### Exercise
Every picture should be left out, but the lines below must be repeated exactly.

### Data block
▼▼▼

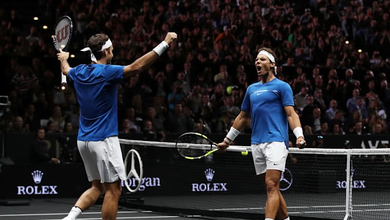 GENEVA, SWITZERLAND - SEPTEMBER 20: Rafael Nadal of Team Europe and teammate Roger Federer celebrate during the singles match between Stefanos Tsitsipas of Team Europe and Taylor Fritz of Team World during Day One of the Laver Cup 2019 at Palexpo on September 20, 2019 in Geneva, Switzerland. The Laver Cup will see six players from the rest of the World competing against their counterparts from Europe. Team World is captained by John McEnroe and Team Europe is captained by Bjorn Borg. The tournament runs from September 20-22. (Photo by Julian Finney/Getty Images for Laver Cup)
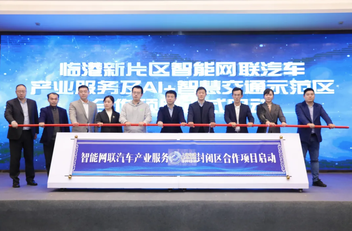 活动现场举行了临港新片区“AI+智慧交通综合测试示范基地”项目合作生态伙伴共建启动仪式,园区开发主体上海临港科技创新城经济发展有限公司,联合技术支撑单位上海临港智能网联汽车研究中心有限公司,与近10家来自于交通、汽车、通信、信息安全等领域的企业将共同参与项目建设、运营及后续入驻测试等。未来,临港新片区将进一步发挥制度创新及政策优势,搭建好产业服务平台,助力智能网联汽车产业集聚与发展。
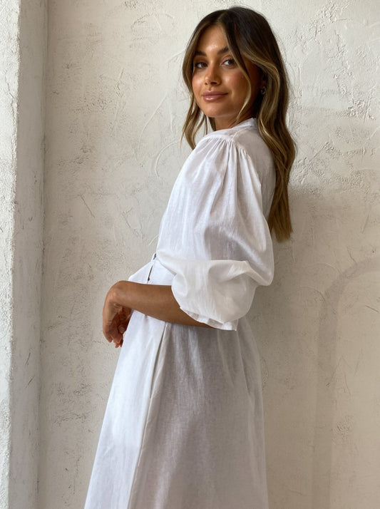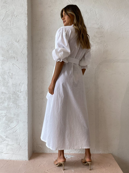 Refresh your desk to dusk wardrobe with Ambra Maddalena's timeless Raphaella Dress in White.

▲▲▲

### Written answer
 GENEVA, SWITZERLAND - SEPTEMBER 20: Rafael Nadal of Team Europe and teammate Roger Federer celebrate during the singles match between Stefanos Tsitsipas of Team Europe and Taylor Fritz of Team World during Day One of the Laver Cup 2019 at Palexpo on September 20, 2019 in Geneva, Switzerland. The Laver Cup will see six players from the rest of the World competing against their counterparts from Europe. Team World is captained by John McEnroe and Team Europe is captained by Bjorn Borg. The tournament runs from September 20-22. (Photo by Julian Finney/Getty Images for Laver Cup)
 活动现场举行了临港新片区“AI+智慧交通综合测试示范基地”项目合作生态伙伴共建启动仪式,园区开发主体上海临港科技创新城经济发展有限公司,联合技术支撑单位上海临港智能网联汽车研究中心有限公司,与近10家来自于交通、汽车、通信、信息安全等领域的企业将共同参与项目建设、运营及后续入驻测试等。未来,临港新片区将进一步发挥制度创新及政策优势,搭建好产业服务平台,助力智能网联汽车产业集聚与发展。
 Refresh your desk to dusk wardrobe with Ambra Maddalena's timeless Raphaella Dress in White.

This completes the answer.